The Russians aimed particular energy at activating conservatives on issues such as gun rights and immigration, while sapping the political clout of left-leaning African-American voters by undermining their faith in elections and spreading misleading information about how to vote.
Many other groups — Latinos, Muslims, Christians, gay men and women, liberals, southerners, veterans — got at least some attention from Russians operating thousands of social media accounts.
The report also offered some of the first detailed analyses of the role played by YouTube, which belongs to Google, and Instagram in the Russian campaign, as well as anecdotes on how Russians used other social media platforms — Google+, Tumblr and Pinterest — that have gotten relatively little scrutiny. The Russian effort also used email accounts from Yahoo, Microsoft's Hotmail service and Google's Gmail.
The authors, while reliant on data provided by technology companies, also highlighted their "belated and uncoordinated response" to the disinformation campaign and, once it was discovered, for not sharing more with investigators. The authors urged the companies in the future to provide data in "meaningful and constructive" ways.
Facebook, for example, provided the Senate with copies of posts from 81 Facebook "Pages" and information on 76 accounts used to purchase ads but did not share the posts from other user accounts run by the IRA, the report says. Twitter, meanwhile, has made it challenging for outside researchers to collect and analyse data on its platform through its public feed, the researchers said.

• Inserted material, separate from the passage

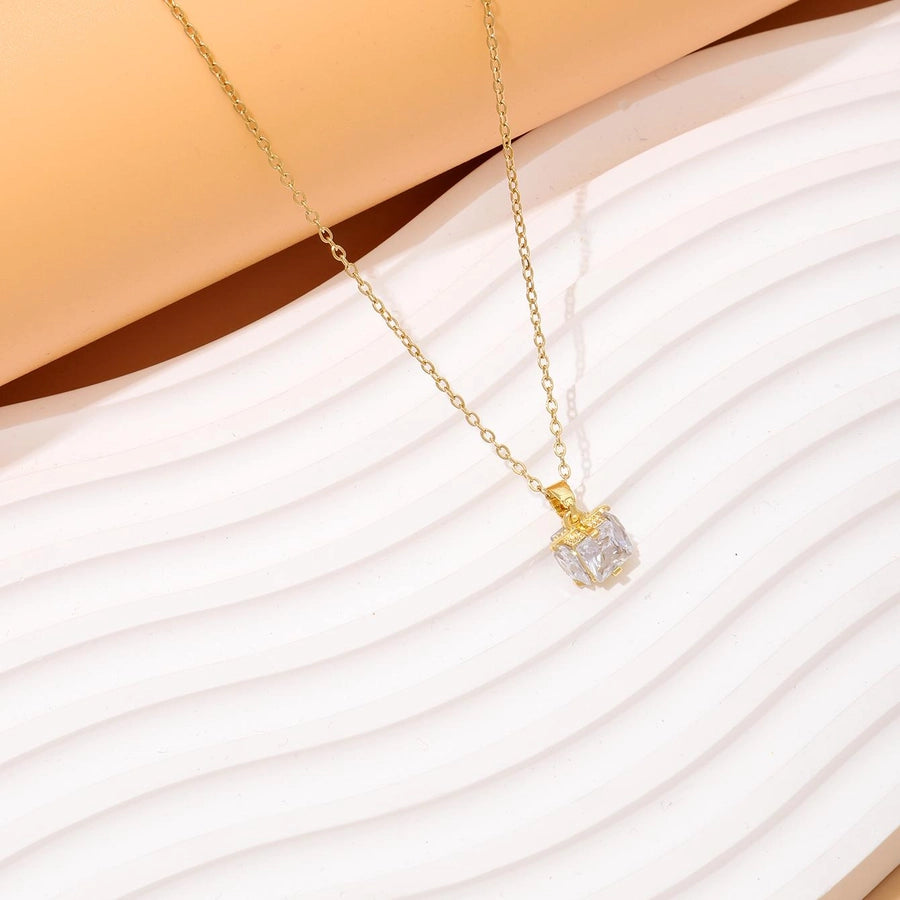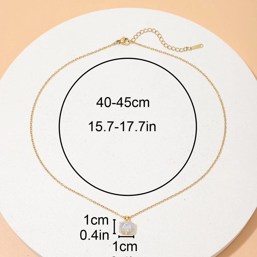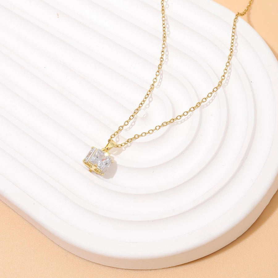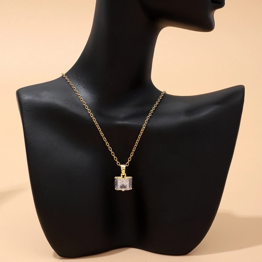 Copper 18K Gold Plated Plating Inlay Square Zircon Pendant Necklace

Google submitted information in an especially difficult way for the researchers to handle, providing content such as YouTube videos but not the related data that would have allowed a full analysis. The YouTube information was so hard for the researchers to study, they wrote, they instead tracked the links to its videos from other sites in hopes of better understanding YouTube's role in the Russian effort.
Facebook, Google and Twitter didn't immediately respond to requests for comment.
They first disclosed last year that they had identified Russian meddling on their sites.
Critics previously said it took too long to come to an understanding of the disinformation campaign, and that Russian strategies have likely shifted since then. The companies have awakened to the threat — Facebook in particular created a "war room" to combat interference around elections — but none have revealed interference around the Midterm elections last month on the scale of what happened in 2016.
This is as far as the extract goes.